With horrendous underwater photography – the kind where someone shoots footage from behind a glass panel in swimming pool – and perpetually murky cinematography above ground, one of the first things that will grind on you is just how you’re meant to see anything here. A crackly soundtrack and plenty of scenes where no one actually says anything will have you checking your volume settings to make sure all of your speakers are plugged in. It is almost as if they dunked the microphones underwater with the cameras. I can understand that the production was a ‘lowest price possible’ sort of venture but still, there are certain levels of production that any film should have before they’re even considered for release. When visuals and audio aren’t up to scratch, it doesn’t bode well for anything else.

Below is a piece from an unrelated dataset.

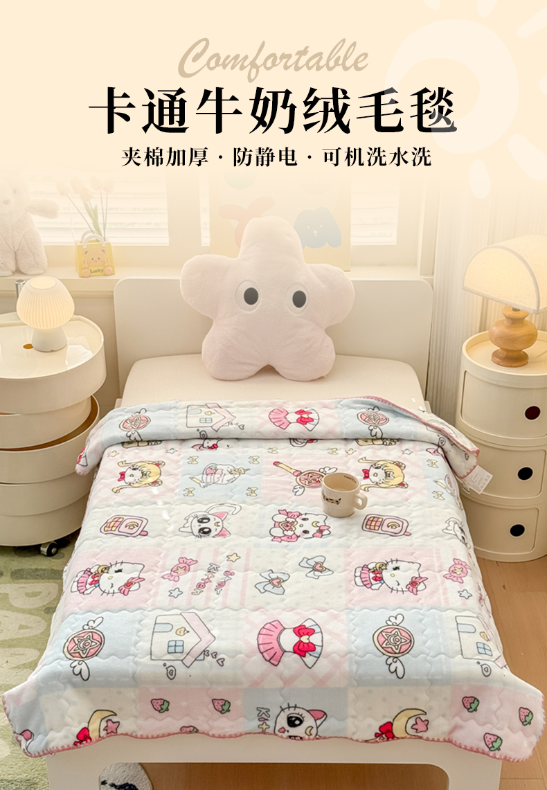 (总)禧缘家纺(原梦想家) 2025秋冬新款儿童加厚三层夹棉牛奶绒毛毯冬季双面绒保暖盖毯,巴士宝贝,汪汪家族,萌趣伙伴,奶油小狗,可可甜心,多彩恐龙,魔法宝贝

Maybe it’s best that you don’t see everything as well as you’d have liked. The title monsters look like stuntmen wrapped in bin bags with suckers taped to their faces. I don’t know whether the intention was to make them humanoid in appearance but that’s how they turned out, especially during a hilarious blood sucking scene in their cave domain. Hardly scary back in the 50s I’m sure, they look even more ridiculous in the 21st century. The leeches work slightly better when they’re partially concealed by the water but even this requires a fair dollop of disbelief.

The leeches never venture out of the swamp to attack so you won’t find any city-invasions or even threats to small towns like the rest of this sub-genre. In fact pretty much the entire film is based at the swamp – I counted a sum total of about three different sets used across the film. At a very slender sixty-two minutes, the film is almost over before it has chance to begin which is probably a relief more then anything – the leeches don’t even get called that until about three quarters of the way. The same characters seem to pass through the same bits of the swamp in a never ending circle. Above all the film is just so uninteresting and bland because there’s nothing to keep your attention. The countless scenes without dialogue and loads of characters on-screen who look and sound the same as each other mean you won’t have a clue what is going on for the best part and when you do, you won’t care. This is with the exception of the purposefully-slutty Yvette Vickers, starring in a rather suggestive role for 1959.


Attack of the Giant Leeches is wretched. Just plain and simply one of the worst films ever made. Even genre fans who like to punish themselves by subjecting them to the worst material available will be hard-pressed to find anything of enjoyment here.





Them! (1954)

Them! (1954)


Atomic testing in New Mexico causes normal ants to mutate into giant man-eating monsters. Tracking the queens, a team of scientists discover that the ants are nesting in the sewer system of Los Angeles and with the way they are multiplying in number, could threaten the world within weeks.


One of the earliest of the 50s ‘atomic monster’ movies, Them! was the first one to feature mutated insects as its main threat which would become the genre norm in the years following (with the world having survived the onslaught of The Beast From 20,000 Fathoms in 1953 and Godzilla in 1954).Spiders, a giant mantis, locusts and giant antimatter space buzzards would all start to terrorise the world throughout the rest of the decade but it is with Them! that the roots of the genre are sown. The first one is also the best one by a country mile.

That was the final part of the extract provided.